Cargill Salt Bonaire NV is een Amerikaans bedrijf dat een goed deel van het zout verhandeld voor het strooien over
ingesneeuwde Amerikaanse wegen en exploiteert de zoutvlakten sinds 1997. De zoutpannen kunnen in kleur variëren van
wit, via roze naar bruin. Sinds 1975 is de (natuurlijke) haven van Kralendijk geschikt gemaakt voor het afhandelen
van olietankers van 500.000 ton en is een tankpark gebouwd voor de op- en overslag van aardolie en aardolieproducten
bestemd voor de Verenigde Staten. De grootste werkgever op Bonaire is de overheid. Ruim 75% van de beroepsbevolking
is werkzaam in de dienstverlenende sector. De kwaliteit van leven van de Bonaireaan en van de toerist is afhankelijk
van de economische ontwikkeling van het eiland. Enkele nieuwe initiatieven zijn de realisatie van een Ezone
calamiteitencentrum op het vliegveld en de ontwikkeling van Kanuku Warahama tot een toonaangevend gezondheidscentrum met
innovatieve woningbouw voor pensionado’s uit Nederland en de VS.

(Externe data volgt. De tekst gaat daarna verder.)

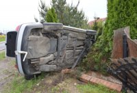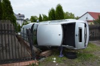 Kilkanaście dni po otrzymaniu prawa jazdy młody kierowca spowodował wypadek. Wczoraj na łuku drogi wypadł z jezdni i uderzył w ogrodzenie posesji. W następstwie zdarzenia jadąca jako pasażerka matka kierowcy z urazem głowy została przewieziona do szpitala. Samochód uszkodził kilka przęseł ogrodzenia i wywrócił się na bok.

De voertaal is Papiaments maar de Bonaireaan spreekt graag Nederlands en ook het Spaans is volledig ingeburgerd. Met
Engels heeft men hier geen enkele moeite. Dat mede maakt de vriendelijke Bonaireaan tot een toegankelijk en praatgraag
gezellig mens. De bevolking bestaat uit een mix van culturen die op zich uniek is te noemen. Niet alleen de Nederlandse
invloeden zijn hier te herkennen maar zeker ook de Spaanse, Afrikaanse en Latijns-Amerikaanse culturen spelen een grote
rol en vormen de tradities van vele generaties. De lokale bevolking van Bonaire gaat moeiteloos met elkaar om en zijn
dan ook erg vriendelijk te noemen wat in goede aarde valt bij de toerist. De Nederlanders of andere blanken die min of
meer op Bonaire verblijven hebben de bijnaam “macamba’s” en zijn vaak permanent wonend en werkend op dit eiland.

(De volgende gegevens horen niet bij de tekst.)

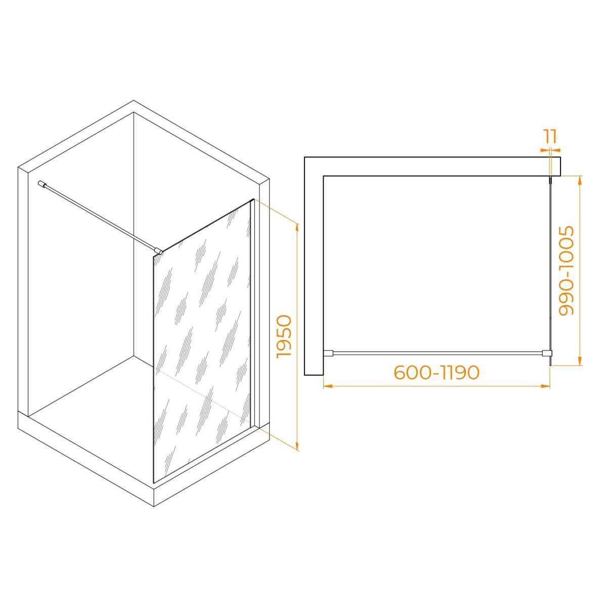 Душевая перегородка 100х195 RGW WA-002 Хром / Прозрачное закаленное стекло 6мм 35100210-11

Daarnaast zijn er natuurlijk de “pensionado’s” oftewel de rijke buitenlanders die meestal in ’eigen’ wijken hun plek
zoeken. Cultuur staat hoog in het vaandel van de Bonaireaan en muziek speelt daarbij een heel belangrijke rol. Als er
wat te vieren valt is er ook muziek. Ieder jaar wordt ter voorbereiding van het Karnaval het Tumba lied gekozen door
een vakkundige jury. Tony Leinsen heeft veel van deze muziek opgenomen en op cd uitgebracht zodat dit bewaard blijft
voor het nageslacht. De echte Bonaireaanse cultuur is gebaseerd op tradities die vele generaties terug gaan. Ze is
vooral terug te zien in de liederen en dansen die tijdens vakanties en feestdagen worden opgevoerd. Deze stammen
voornamelijk uit de tijd van de slavernij, waarin de mensen liederen en dansen verzonnen en in de oude Afrikaanse
traditie begonnen te zingen. Deze liederen ontwikkelden zich naar festivals en zijn uitgegroeid tot een belangrijk
onderdeel van het leven en de cultuur op Bonaire. Veel festivals op Bonaire zijn regionaal – er zijn ook al is Bonaire
maar klein – verschillen per wijk. Het beste voorbeeld van sterke culturele banden is op 30 april, dat op Bonaire als
dia Di Rincon gevierd wordt; dit heeft niet zoveel te maken met onze koninginnedag. Deze dag trekt bezoekers van alle
eilanden uit het Caribische gebied.
Dankzij streng toezicht door de overheid zijn de beschermde kustwateren en de onbeschrijflijke mooie koraalriffen in
de afgelopen decennia uitgegroeid tot één van de drie bekendste duik- en snorkelbestemmingen in de wereld. Doordat
Bonaire in het Zuidelijk Caribische gebied ligt is er weinig regen. Dit betekent weinig slib in het zeewater; goed om
het hele jaar door met goed zicht ongestoord te duiken en te snorkelen. Het zicht onderwater is vrijwel overal
30 meter waar honderden verschillende soorten vissen tussen de groene schildpad, de karetschildpad en de ‘loggerhead’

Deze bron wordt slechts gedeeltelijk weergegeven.